- Power type: Steam
- Designer: Robert Coey; Richard Maunsell;
- Builder: Inchicore Works
- Build date: 1913
- Total produced: 1
- Configuration:: ​
- • Whyte: 4-4-0
- Gauge: 5 ft 3 in (1,600 mm)
- Leading dia.: 3 ft 0 in (910 mm)
- Driver dia.: 6 ft 7 in (2,010 mm)
- Length: 32 ft 1+3⁄4 in (9,798 mm)
- Loco weight: 60.15 long tons (61.12 t)
- Water cap.: 3,345 imp gal (15,210 L; 4,017 US gal)
- Boiler pressure: 160 lbf/in^{2} (1.10 MPa); 175 lbf/in^{2} (1.21 MPa);
- Cylinders: 2
- Cylinder size: 20 in × 26 in (508 mm × 660 mm); 19 in × 26 in (483 mm × 660 mm);
- Tractive effort: 17,910 lbf (79.67 kN); 17,680 lbf (78.64 kN);
- Operators: GS&WR; GSR;
- Class: D1 (Inchicore)
- Number in class: 1
- Numbers: 341
- Locale: Ireland
- Withdrawn: 1928

= GS&WR Class 341 =

The Great Southern and Western Railway (GS&WR) Class 341 consisted of a single 4-4-0 express passenger locomotive named Sir William Goulding introduced in 1913 for the Dublin—Cork route.
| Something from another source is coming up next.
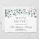 Elegante hogar nuevo y cambio de dirección tarjeta de invitación móvil con colores de agua verde eucalipto. En el frente, personalice el nombre de su familia en un elegante guión verde sabio, cambie el título "Hemos movido" si lo desea y añada su nueva dirección. En el reverso, personalice su invitación con más detalle e incluya números de teléfono y direcciones de correo electrónico si lo desea.

Despite being an apparently capable design it was withdrawn in 1928.

==Design==
Design was begun by Robert Coey who retired through ill health and completed by Richard Maunsell who was later to design the UK Southern Railway Schools 4-4-0. Equipped with a large diameter boiler and Schmidt superheater. It was unique for the GS&WR and its successor the GSR in having inside Walschaerts valve gear. This design was at the limit achievable by a 4-4-0 within the axle weight restriction limits and it was weighed regularly to ensure compliance. The only change to the initial design was a later reduction in cylinder diameter

==Service==
Due to weight restrictions it served on the Dublin—Cork route only where from 1916 it later shared services with the new EA Watson designed 400 Class 4-6-0 against which engine 341 seems to have compared favourably.

==Withdrawal==
The locomotive was withdrawn in 1928 after just 15 years, three 400 class express locomotives were also retired shortly afterwards as surplus to requirements.

==Model==
There is a detailed O Gauge model of engine 341 in the Fry model railway collection.